[EXERCISE DATA Boundary: Start]
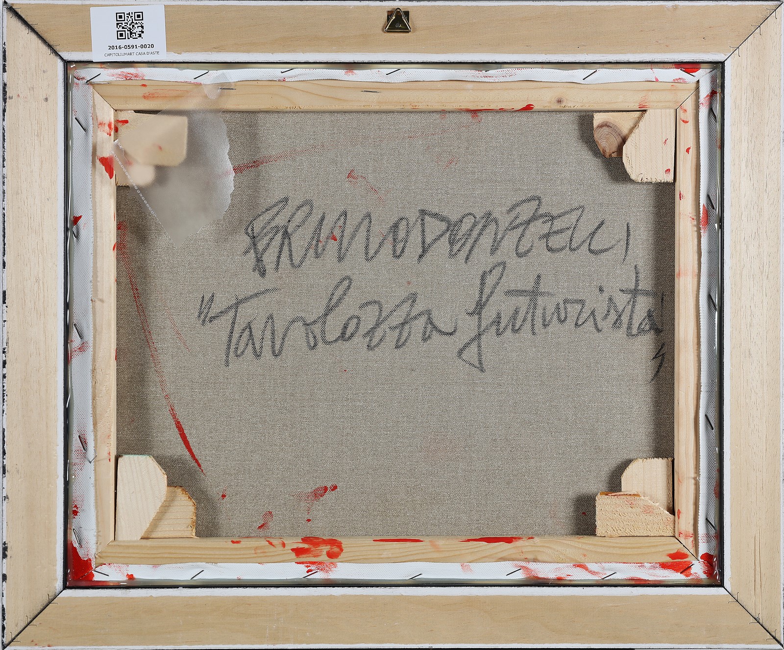DONZELLI BRUNO (n. 1941) Tavoletta futurista. . Olio su tela. Cm 50,00 x 40,00. Firma e titolo. Al retro firma e titolo. Autentica su fotografia a cura dell'artista. . Cornice presente
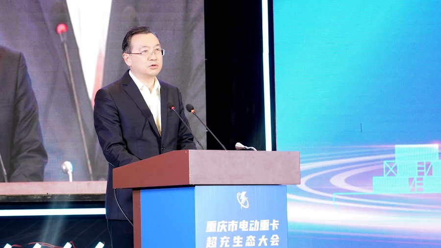 重庆市经济和信息化委员会党组成员、副主任涂兴永在致辞中表示,重庆正在全力打造具有国际竞争力的智能网联新能源汽车之都,重卡商用车是重要组成部分。今年1—10月,全市商用车产量42.3万辆,占全国商用车产量的14.1%。目前,全市营运货车保有量约22万辆,其中重卡12万辆,电动重卡约2700辆。为解决电动重卡“续航焦虑”,重庆市经济和信息化委员会作为行业主管部门正在从3个方面加力推动电动重卡超充生态发展。
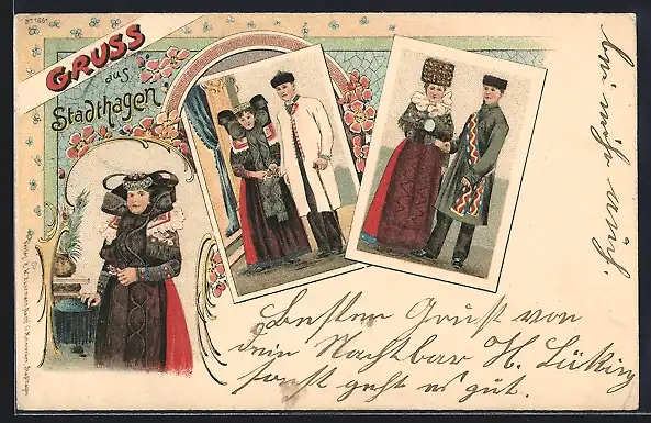 Lithographie Stadthagen, Pärchen und eine einzelne Frau in Tracht
[EXERCISE DATA Boundary: End]
TASK INSTRUCTIONS
Exclude every picture, then reproduce the remaining data character for character.

ANSWER SECTION
DONZELLI BRUNO (n. 1941) Tavoletta futurista. . Olio su tela. Cm 50,00 x 40,00. Firma e titolo. Al retro firma e titolo. Autentica su fotografia a cura dell'artista. . Cornice presente
 重庆市经济和信息化委员会党组成员、副主任涂兴永在致辞中表示,重庆正在全力打造具有国际竞争力的智能网联新能源汽车之都,重卡商用车是重要组成部分。今年1—10月,全市商用车产量42.3万辆,占全国商用车产量的14.1%。目前,全市营运货车保有量约22万辆,其中重卡12万辆,电动重卡约2700辆。为解决电动重卡“续航焦虑”,重庆市经济和信息化委员会作为行业主管部门正在从3个方面加力推动电动重卡超充生态发展。
 Lithographie Stadthagen, Pärchen und eine einzelne Frau in Tracht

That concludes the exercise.